Minority and endangered languages on the web

By Marie Lebert, 3 December 2019.

[French version]
[Spanish version]

Please see also:
* The web, from English to multilingual
* The multilingual web — timeline

Ethnologue: Languages of the World

“Ethnologue: Languages of the World”, a reference catalogue published in print by SIL International, launched its free online version in 1996, with a full description of the 6,700 living languages spoken in 228 countries.

As explained in January 2000 by Barbara Grimes, editor of the Ethnologue since 1971, in an email interview: “The Ethnologue is a catalogue of the languages of the world, with information about where they are spoken, an estimate of the number of speakers, what language family they are in, alternate names, names of dialects, other socio-linguistic and demographic information, dates of published Bibles, a name index [the Ethnologue Name Index], a language family index [the Ethnologue Language Index], and language maps. (…) We have had requests for the Ethnologue in a few other languages, but we do not have the personnel or funds to do the translation or maintenance, since it is constantly being updated.”

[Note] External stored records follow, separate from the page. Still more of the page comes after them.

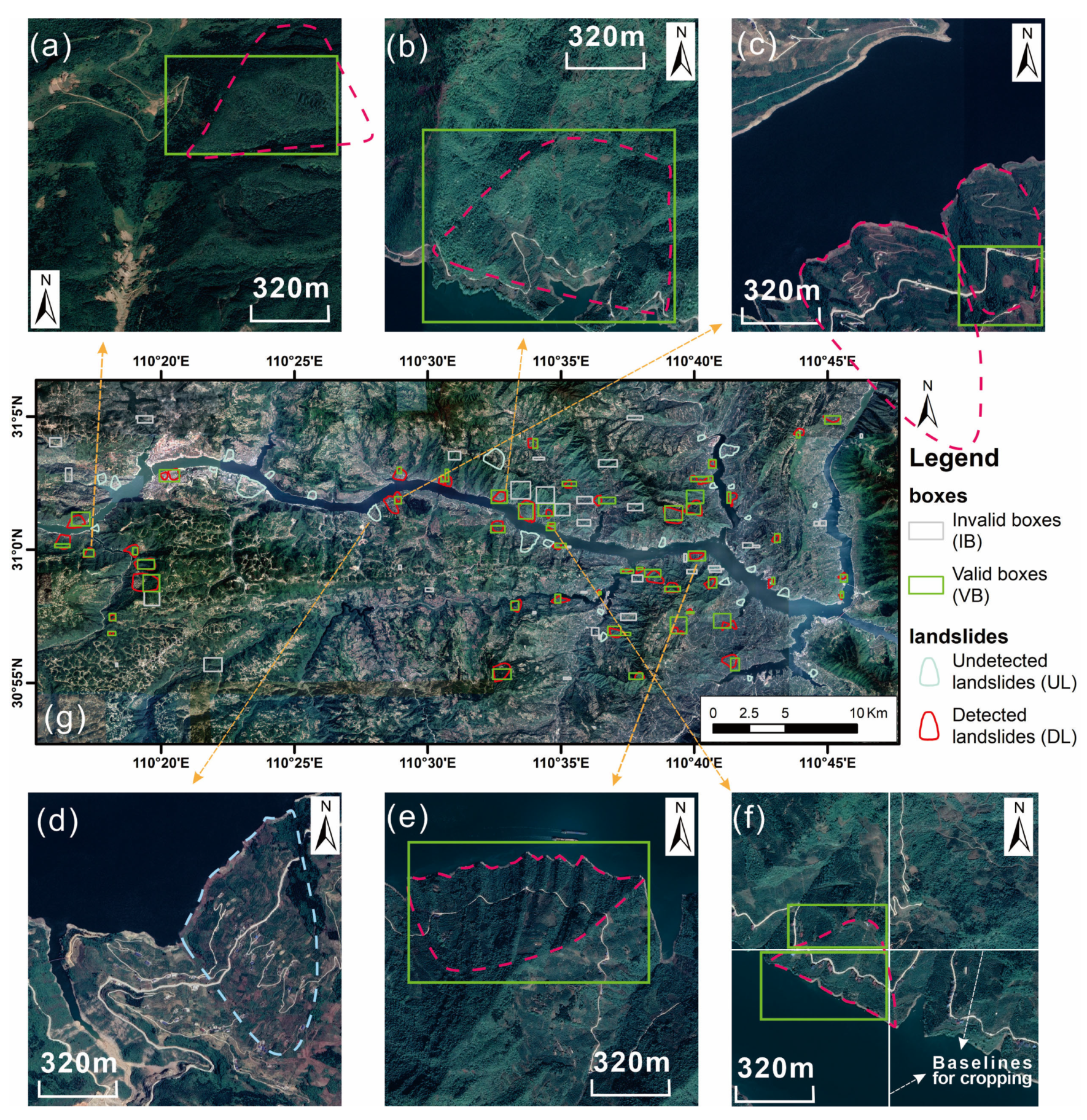 | Multi-landslide Bounding Boxes | a box detects adjacent landslides | Figure 7c | ![]() | +1 | +2 |
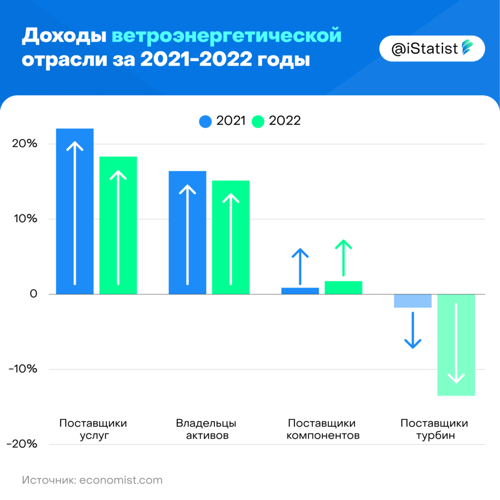 Страны уделяют особое внимание возобновляемым источникам энергии. Количество заказов на ветряные турбины растут. Однако светлое будущее для индустрии выглядит очень сомнительным. Четыре крупнейших западных производителя ветряных турбин – Ge Renewable Energy, Nordex, Siemens Gamesa и Vestas – занимают около 90% рынка за пределами Китая. В 2022 году они получили совокупный доход в размере 42 млрд евро ($46 млрд). Но в то время как операторы ветряных электростанций извлекли значительную выгоду из высоких тарифов на электроэнергию, производители турбин ушли в минус, а их поставщики едва зарабатывали смогли оплатить расходы. В прошлом году «большая четверка» понесла чистые убытки в размере почти 5 млрд евро. А недавно Ge Renewable Energy, Nordex и Siemens Gamesa сообщили о новых убытках за первый квартал этого года. Несмотря на то, что Vestas, крупнейшая из конкурентов, получила небольшую чистую прибыль в размере 16 млн евро при продажах в 2,8 млрд евро, ее исполнительный директор Хенрик Ан
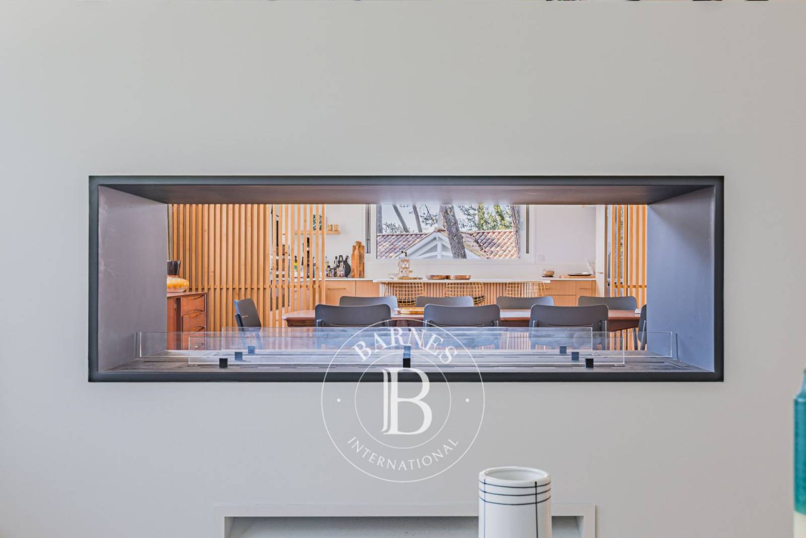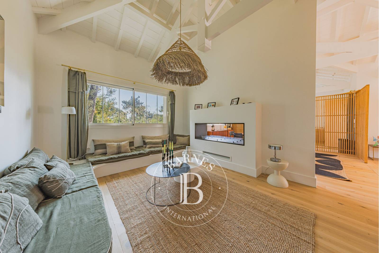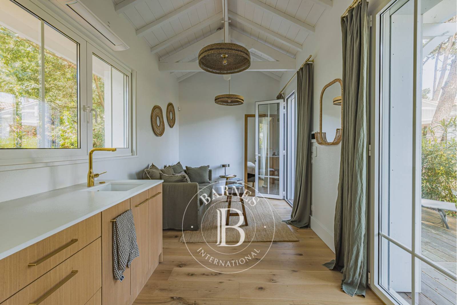 Ce bien rare bénéficie d’un environnement préservé, entouré de pins, avec une vue dégagée sur la forêt et un aperçu sur le Bassin d’Arcachon. Une localisation privilégiée, à quelques pas de l’ambiance authentique du village et du marché.

The Ethnologue was founded in 1951 by Richard Pittman as a catalogue of minority languages, to share information on language development needs with his colleagues at SIL International (formerly known as the Summer Institute of Linguistics) and with other language researchers around the globe. Information was expanded from minority languages to include all known languages of the world in 1971, with the help of thousands of linguists from partner organisations. Barbara Grimes supervised in 1967-73 an in-depth revision of the information available for Africa, the Americas, the Pacific and part of Asia. The number of identified languages grew from 4,493 to 6,809, with more information recorded on each language in the computer database created in 1971.

What exactly is a language? According to the website of the Ethnologue: “How one chooses to define a language depends on the purposes one has in identifying one language as being distinct from another. Some base their definition on purely linguistic grounds, focusing on lexical and grammatical differences. Others may see social, cultural, or political factors as being primary. In addition, speakers themselves often have their own perspectives on what makes a particular language uniquely theirs. Those are frequently related to issues of heritage and identity much more than to the actual linguistic features. In addition, it is important to recognise that not all languages are oral. Sign languages constitute an important class of linguistic varieties that merit consideration.”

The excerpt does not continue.